[Opening DATA FOR THIS TASK section]

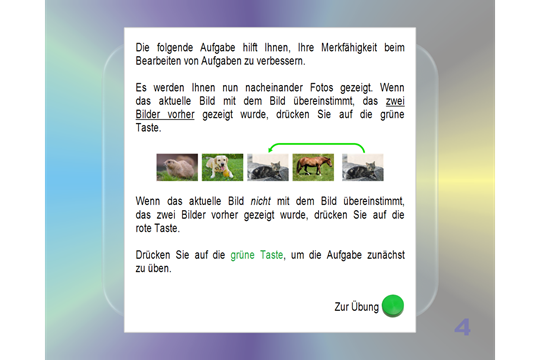 Az NBACK képzési programban a kliens egy digitális képkeret ábrázolását látja a képernyőjén. Fényképek sorozata látható a keretben; a fotók különböző témájúak (állatok, tájak, színek stb.). A kliensnek el kell döntenie, hogy az aktuális kép megegyezik-e azzal, amit egy, két vagy három hellyel hátrébb mutattak (a helyek száma szinttől függően változik). Ha egyezik, meg kell nyomnia a zöld gombot. Ha nem egyezik, meg kell nyomni a piros gombot.
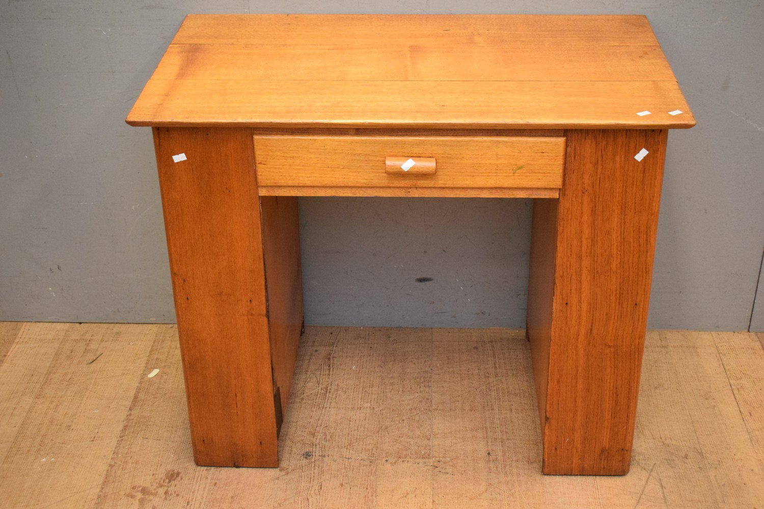 1950S RETRO AUSTRALIAN MADE SOLID HARDWOOD STUDENT DESK WITH BOOKSHELF TO BOTH ENDS AND A 1950S AUSTRALIAN MADE METAL FRAMED MUSTARD VINYL CHAIR (A/F) ( 76H X 91W X 52D CM) (LEONARD JOEL DELIVERY SIZE: LARGE)
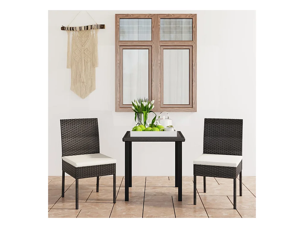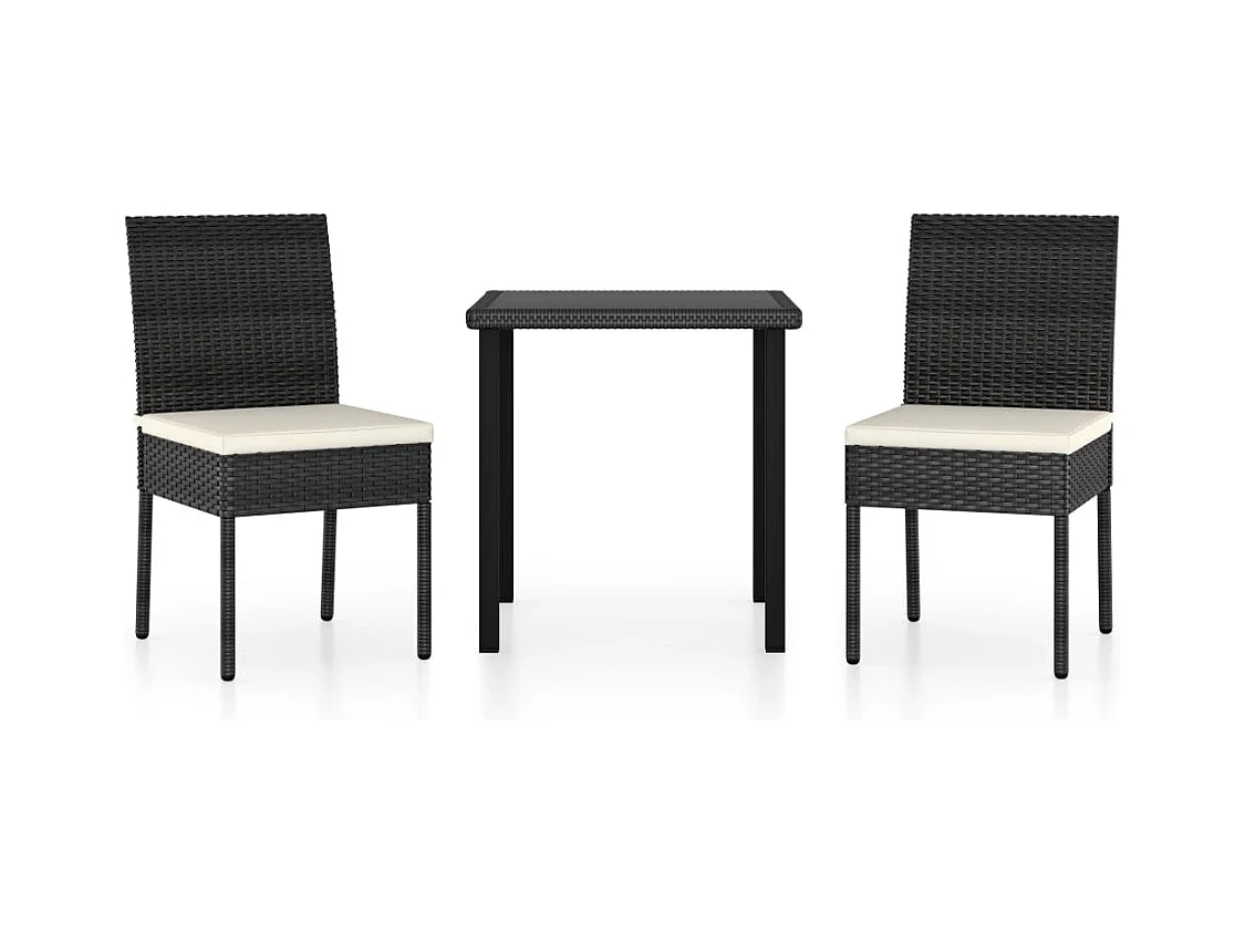 3-tlg. Garten-Essgruppe,Gartensitzgruppe Poly Rattan Schwarz -gkd71060
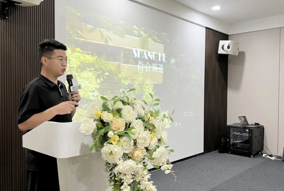 在設(shè)計(jì)分享環(huán)節(jié),尚合設(shè)計(jì)總監(jiān)周迪帶來(lái)了前沿的設(shè)計(jì)理念和案例分享。他高度評(píng)價(jià)了米蘭之窗:“這里凝聚了匠人精神和高科技含量,產(chǎn)品注重節(jié)能環(huán)保,真正實(shí)現(xiàn)了設(shè)計(jì)與功能的完美結(jié)合?!?
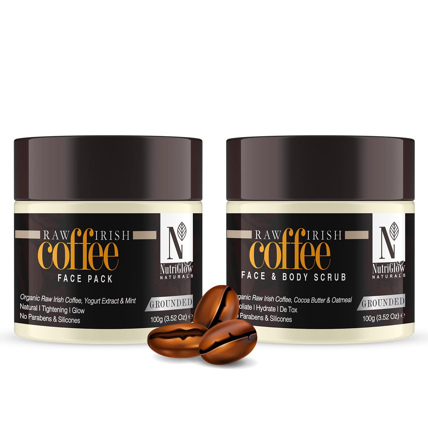 NutriGlow NATURAL'S Coffee Face Pack (100gm) & Coffee Face & Body Scrub (100gm) for Deep Exfoliation - Combo Pack of 2

[Closing DATA FOR THIS TASK section]

EXERCISE => When copying the listing, skip the pictures and keep each line exactly as written.

FINAL ANSWER =>
 Az NBACK képzési programban a kliens egy digitális képkeret ábrázolását látja a képernyőjén. Fényképek sorozata látható a keretben; a fotók különböző témájúak (állatok, tájak, színek stb.). A kliensnek el kell döntenie, hogy az aktuális kép megegyezik-e azzal, amit egy, két vagy három hellyel hátrébb mutattak (a helyek száma szinttől függően változik). Ha egyezik, meg kell nyomnia a zöld gombot. Ha nem egyezik, meg kell nyomni a piros gombot.
 1950S RETRO AUSTRALIAN MADE SOLID HARDWOOD STUDENT DESK WITH BOOKSHELF TO BOTH ENDS AND A 1950S AUSTRALIAN MADE METAL FRAMED MUSTARD VINYL CHAIR (A/F) ( 76H X 91W X 52D CM) (LEONARD JOEL DELIVERY SIZE: LARGE)
 3-tlg. Garten-Essgruppe,Gartensitzgruppe Poly Rattan Schwarz -gkd71060
 在設(shè)計(jì)分享環(huán)節(jié),尚合設(shè)計(jì)總監(jiān)周迪帶來(lái)了前沿的設(shè)計(jì)理念和案例分享。他高度評(píng)價(jià)了米蘭之窗:“這里凝聚了匠人精神和高科技含量,產(chǎn)品注重節(jié)能環(huán)保,真正實(shí)現(xiàn)了設(shè)計(jì)與功能的完美結(jié)合?!?
 NutriGlow NATURAL'S Coffee Face Pack (100gm) & Coffee Face & Body Scrub (100gm) for Deep Exfoliation - Combo Pack of 2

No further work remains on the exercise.